Farmers presently have the opportunity to save seed from RR1 varieties from year-to-year for planting purposes with the potential to reduce seed costs and improve net income compared to the purchase of commercial seed of RR2Y varieties. This raises the question if this historical farmer practice of saving seed should be seriously reconsidered today (Mascarenhas and Busch, 2006). The issue has multiple dimensions that have to be considered including the quality and cost of saved (bin-run) seed versus commercial seed, the yield potential of RR1 and RR2Y varieties, and the meeting of legal restrictions. Given present farmer soybean seeding rates and the broad plateau for soybean plant populations producing similar yields, it is not likely that reduction in plant population due to farmer-saved-seed would account for lower soybean yield.
Materials and Methods
Research was conducted in 2012, 2013 and 2014 at the University of Nebraska Agricultural Research Development Center near Mead, NE. Unreplicated bulk plots of 29.5 feet by 220 feet were grown to produce RR1 seed to save in 2012, 2013, and 2014 for production in small-plot studies in the succeeding year. An experiment with a randomized complete block design and four replications was conducted in 14.8 feet by 49.2 feet plots with seed from three RR1 varieties and three RR2Y varieties with different maturity classifications ranging from 2.7 to 3.2. Commercial RR1 seed was used in 2012, while saved seed from unreplicated plots was used in 2013 and 2014.

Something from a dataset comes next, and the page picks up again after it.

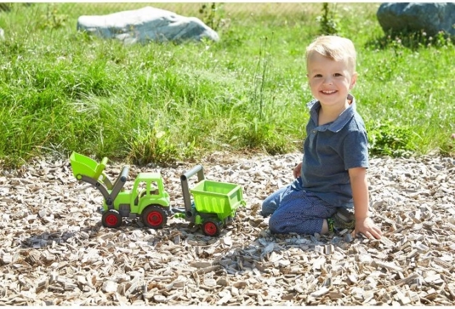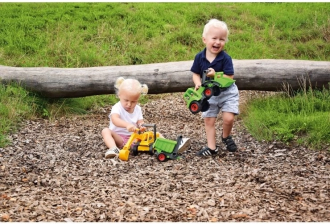 Le tracteur LENA ECO apporte à la fois plaisir et respect de la nature. Grâce à sa fabrication robuste à base de matériaux recyclés et d’un ajout de bois, il est durable et sûr pour les petits conducteurs. Le chargeur frontal est entièrement fonctionnel et permet de ramasser et transvaser des matériaux, ce qui favorise la motricité fine et le jeu créatif.
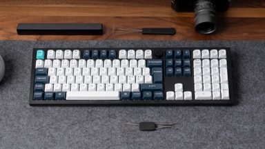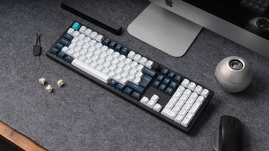 Detta tangentbord har en 100% fullstor layout och hållbara Double Shot PBT-tangenter med OEM-profil. IXPE-, PET- och latexskumlager dämpar effektivt vibrationer från plattan och switcharna, vilket bidrar till en tystare och jämnare skrivupplevelse. Double-Gasket Mount-designen ger bättre ljuddämpning, ökad stötdämpning med silikonkuddar mellan höljena och har också en flexibel polykarbonatplatta för en förfinad skrivkänsla. Tangentbordets kropp är tillverkad av högkvalitativt 6063-aluminium, vilket ger bättre styrka och hållbarhet.

Production costs were calculated for both RR1 and RR2Y production systems for each year of the three-year experiment. Seed costs were determined by contacting local agribusinesses selling soybean seed. Seed costs of RR2Y seed were estimated to be $49.50 per unit of 140,000 seeds in 2012, 2013, and 2014. Saved RR1 seed cost in 2013 and 2014 included the grain price at harvest plus the costs of conditioning seed for planting. Herbicide, fuel, labor, and machinery costs were determined using University of Nebraska-Lincoln crop budgets (Klein et al., 2014; Klein et al., 2013, Klein et al., 2012). Nebraska Crop Budgets identify prices specific to the crop year by surveying the industry. Machinery operation costs included labor, fuel, repairs, opportunity and depreciation costs. Land rental cost used was an average cash rent value for Eastern Nebraska (Jansen and Wilson, 2014; Johnson et al., 2013; Johnson and Van Newkirk, 2012).
Additional costs were incurred to save RR1 seed from fall harvest to spring planting. Seven specific cost categories were identified to save RR1 seed: seed storage equipment, interest, cleaning, quality testing, labor, cleanout, and transportation. Storage costs were associated with the use of a gravity wagon to store seed from fall to spring.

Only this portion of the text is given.